Let’s assign the number 2 to special_num_2 and look at the class of special_num_2.

### try it here

What’s happened here?

Question

Next, let’s assign “special_number” to the class of special_num_2.

class(special_num_2) <- "special_number"
class(special_num_2)
special_num_2

What’s happening here?

As crazy as this is, it is completely legal R code, but if you want to have a better behaved S3 class you should create a constructor which returns an S3 object.

Create a constructor called shape_s3()

Example

Consider the shape_s3() function below, which is a constructor that returns a shape_S3 object:

shape_s3 <- function(side_lengths){
  structure(list(side_lengths = side_lengths), class = "shape_S3")
}

square_4 <- shape_s3(c(4, 4, 4, 4))
class(square_4)
[1] "shape_S3"
triangle_3 <- shape_s3(c(3, 3, 3))
class(triangle_3)
[1] "shape_S3"

We have now made two shape_S3 objects: square_4 and triangle_3, which are both instantiations of the shape_S3 class.

Imagine that you wanted to create a method (or function) that would return TRUE if a shape_S3 object was a square, FALSE if a shape_S3 object was not a square, and NA if the object provided as an argument to the method was not a shape_S3 object.

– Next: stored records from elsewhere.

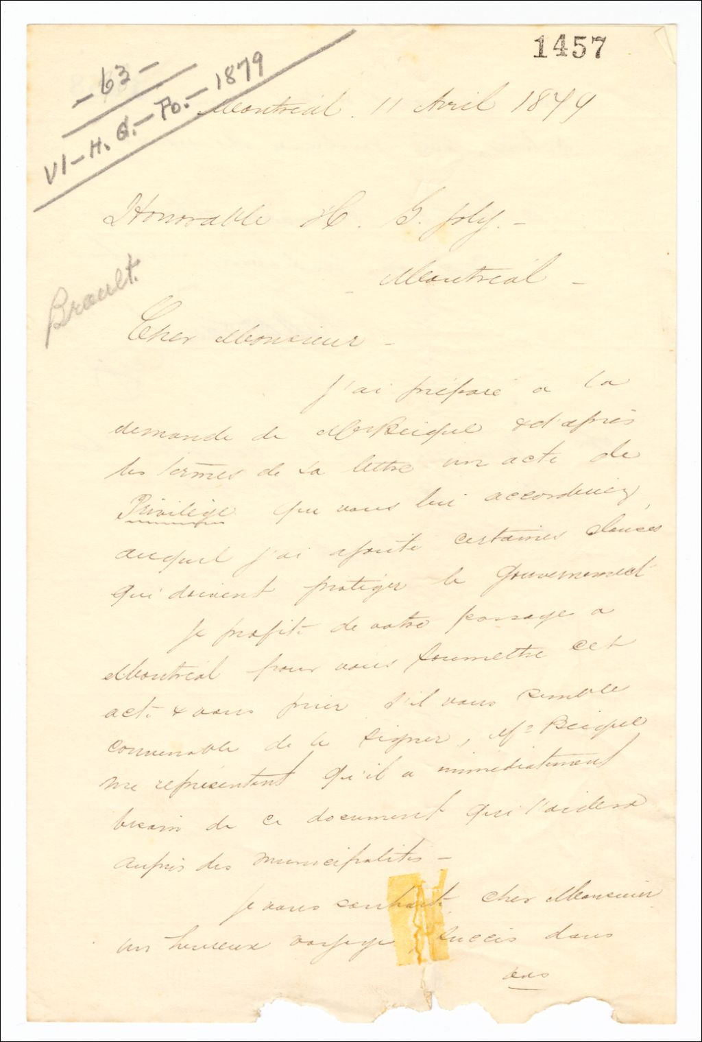 - Il a préparé à la demande de Béique un acte de privilège. A ajouté certaines clauses pour protéger le Gouvernement. Si l'acte lui convient, demande de le signer. Béique a besoin de ce document qui l'aidera auprès des municipalités. Souhaite un heureux voyage et du succès dans ses missions
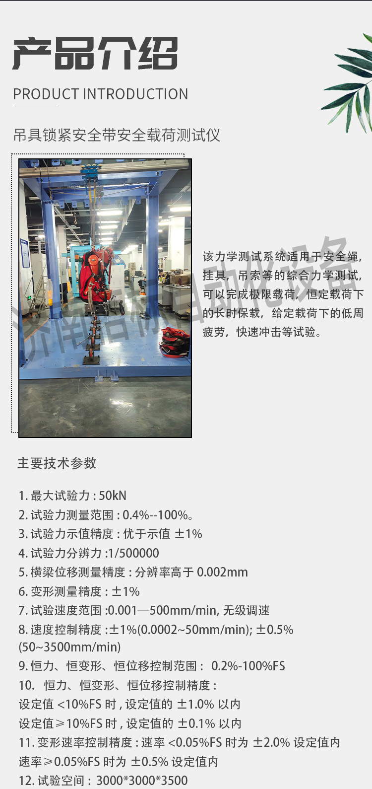 當前位置:首頁 > 產品中心 > 吊具鎖緊安全帶安全載荷測試儀 安全吊具力學性能測試系統
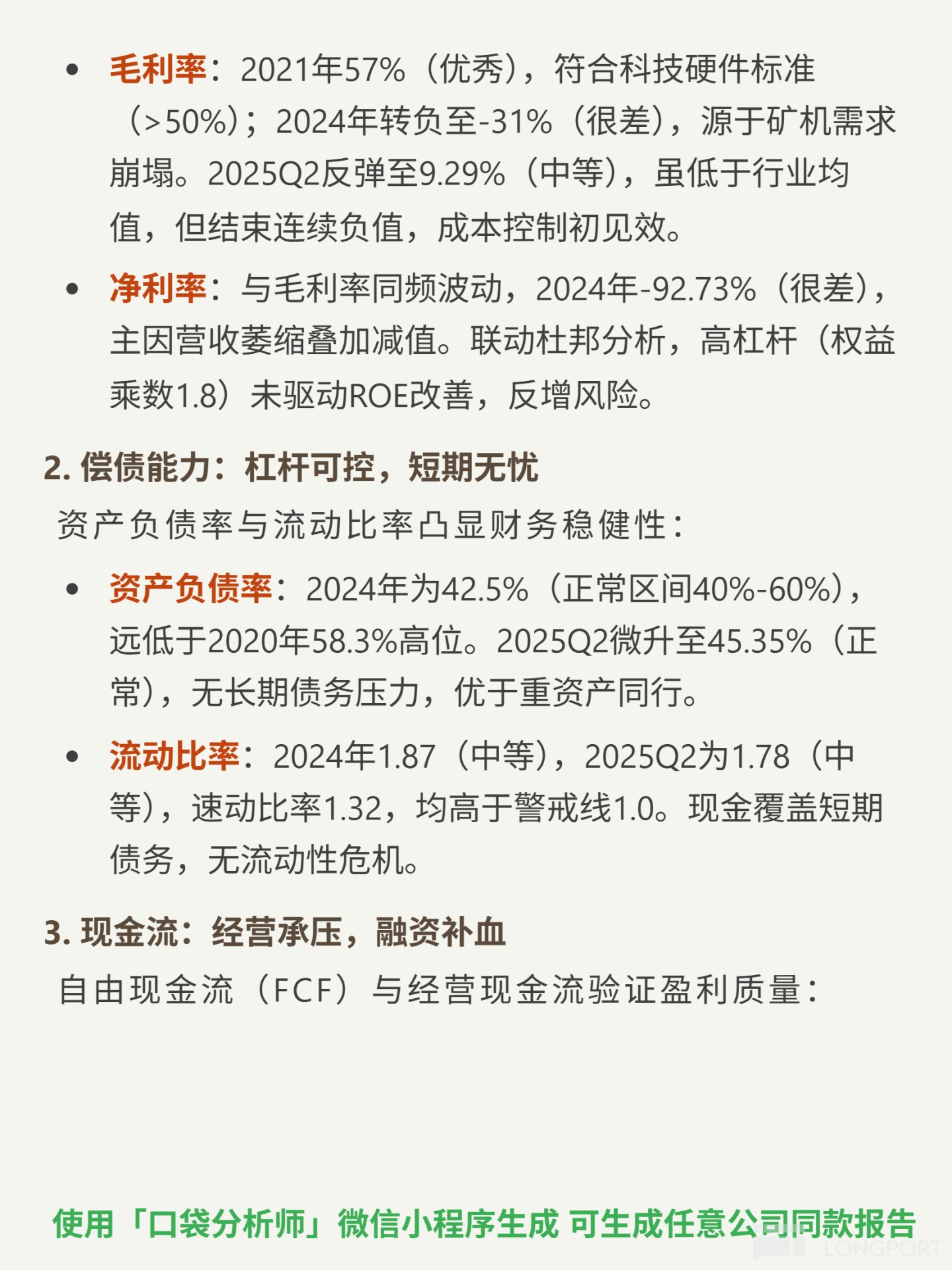 $嘉楠科技(CAN.US)$比特大陆(BTDLL.HK) $赛目科技(02571.HK) 挖了嘉楠科技(CAN.US)的研报,核心发现是这家比特币矿机龙头的业绩随行业周期剧烈波动,但 2025Q2 财务边际改善信号显著。
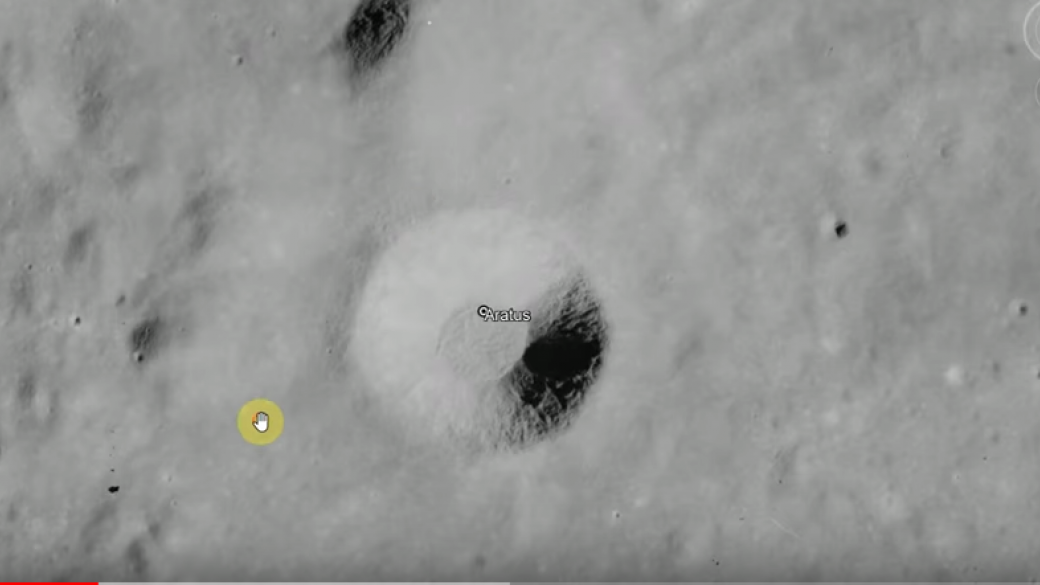 На стороне Луны, обращенной прямо к Земле, видна горная гряда Апеннины, на севере которой имеется ударный кратер Арат.

This can be achieved using R’s generic methods system. A generic method can return different values based depending on the class of its input.

Example

For example, mean() is a generic method that can find the average of a vector of number or it can find the “average day” from a vector of dates.

mean(c(2, 3, 7))
[1] 4
mean(c(as.Date("2016-09-01"), as.Date("2016-09-03")))
[1] "2016-09-02"

Create a generic method called is_square()

Now, let’s create a generic method for identifying shape_S3 objects that are squares.

Step 1: use UseMethod()

First, the creation of every generic method uses the UseMethod() function in the following way with only slight variations:

[name of method] <- function(x) UseMethod("[name of method]")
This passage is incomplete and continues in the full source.